Диспраксия Мерлина означала, что голова у него взрывалась, если дело доходило до логичных практических вещей, и носки оказывались в ящике для обуви, ботинки – под подушкой, поместай менями – в ящике для оксиморонов.

Мерлин, груженный свежевыглаженными джинсами и рубашкам, покинул кухню, а я напустилась на своего безответственного бойфренда:

– Я знаю, некоторым нравится сидеть верхом на работающем двигателе внутреннего сгорания в пятьсот лошадиных сил и с ревом нестись по хайвею с ветерком. Так вот: большинство таких людей – давно покойники. Как ты посмел рисковать жизнью моего ребенка, даже не спросив у меня!

– Жизнь – риск, подруга. Пора начинать готовить мальца к этому. Мерлин ухожен, приручен, накормлен, полит и посажен в клетку... Да он ничем не лучше очень дорогой зверушки, – ответил Арчи упрямо. – Дай уже ему нажраться, натрахаться и...

– Ты опять за свое. А если от него какая-нибудь забеременеет? Мне в бабушки, значит, да?

– Первая бабуля в городе. – С плотоядной улыбкой Арчи вразвалочку подобрался поближе и прижал меня к себе.

– Не смешно. После всего этого секс-просвета он тут недавно спросил у меня, какают ли девочки. Что мне прикажешь делать? Вазэктомировать его? Я что, Гитлер? Он же никогда в жизни не научится презерватив надевать, – уперлась я, отпихивая от себя Арчи. – А если и научится, не вспомнит, когда надо.

– Эта вот спецшкола Мерлинова – там все девицы будут такие же, как он: бешеные дикие зажигалки, ноги – как двери в поезде, одной рукой раздвинешь. Все может случиться, Лу. Смотри фактам в лицо. Хочешь, я свожу его в бордель, девчонки там всему научат. Получит опыт ручной работы. – Он влез мне под юбку и игриво шлепнул по попе.

– Арчибальд, никаких «в бордель» тебе с моим мальчиком.
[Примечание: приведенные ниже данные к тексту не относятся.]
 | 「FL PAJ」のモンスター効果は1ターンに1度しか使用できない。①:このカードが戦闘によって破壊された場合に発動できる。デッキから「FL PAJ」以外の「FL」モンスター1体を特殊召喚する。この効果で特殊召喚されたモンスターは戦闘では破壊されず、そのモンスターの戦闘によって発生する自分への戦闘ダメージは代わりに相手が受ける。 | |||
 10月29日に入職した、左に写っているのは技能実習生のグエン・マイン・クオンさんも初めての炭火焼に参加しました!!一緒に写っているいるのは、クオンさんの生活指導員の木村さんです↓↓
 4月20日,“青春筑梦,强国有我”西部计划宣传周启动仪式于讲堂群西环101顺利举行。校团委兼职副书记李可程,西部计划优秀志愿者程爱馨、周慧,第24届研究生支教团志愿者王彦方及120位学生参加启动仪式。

– Ну, тебе туда нельзя. Ты ж устроишь такой тарарам – а вдруг в шоколадной краске для бодиарта орехи? А вдруг пуховые подушки сверхаллергенны?

– Он же ребенок!

– Слушай, эта гнилушка, твой бывший, осилит заплатить за пафосную частную школу для Мерлина, ему по карману таскать его в выкрутасные французские харчевни, где пять человек могут нажрать на стоимость небольшого «мерседеса». Мне с этим никак не потягаться. Но я могу снабдить пацана жизненным опытом. – У Арчи на лице заиграло бунтарство. – Водить мотоцикл, материться, курить, спать направо-налево... Они, подростки, такие дряни потому, чтоб никто по ним в пустом гнезде не печалился, когда оперятся и вылетят.
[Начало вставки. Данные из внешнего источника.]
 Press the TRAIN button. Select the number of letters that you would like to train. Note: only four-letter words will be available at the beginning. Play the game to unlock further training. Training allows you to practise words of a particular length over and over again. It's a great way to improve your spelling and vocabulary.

– Ты не понимаешь, да? Не будет тут пустого гнезда, никогда. Мерлин будет со мной всю жизнь. Как псориаз. Как ревматизм. Как шумы в сердце, я не знаю. Остается только надеяться, что он умрет раньше меня, иначе кто будет за ним приглядывать? Вот о чем моя бессонница.

Арчи сердито сунул большие пальцы в карманы джинсов.

– Надо больше верить в него...

Ага. И следовательно, – в моего бойфренда, надо полагать.

– Люди думают, что Мерлин с приветом – не умеет болтать о ерунде и смотреть в глаза. Но он-то думает, что это мы с приветом: мы же часами можем изображать симпатию к людям, которые нам нисколько не нравятся... Да если б не Мерлины, мы б из пещер, блин, не вылезли до сих пор. – Тут его шкодливая улыбка стала куда нахальнее. – Ты-то сама нет, а? – подначил он.

– В смысле?

– Не какаешь! – Он подмигнул. – В конце концов, ты же богиня. Блин, да ты без постамента неодетой выглядишь.

Тут я решительно повернулась к нему спиной и занялась на кухне чем-то хозяйственным. Нянькала кофейную чашку, а сама размышляла о том, что сказал Арчи. «Здоровому, мозговитому детине нужна взрослая, понимающая бабенка». Но тут прибыл Джереми. И только пойдя открывать ему дверь, я увидела гору сваленной на полу чистой одежды. Меня как молнией ударило: Мерлин болтался где-то в коридоре и подслушал, о чем мы разговаривали. В голове включилась маленькая пожарная сирена. Я позвала сына. Нет ответа. Обшарив карманы его пальто, обнаружила, что исчез бумажник. На лице у меня разлилась бледность, какая бывает у людей, сошедших с «американских горок» повышенной крутизны.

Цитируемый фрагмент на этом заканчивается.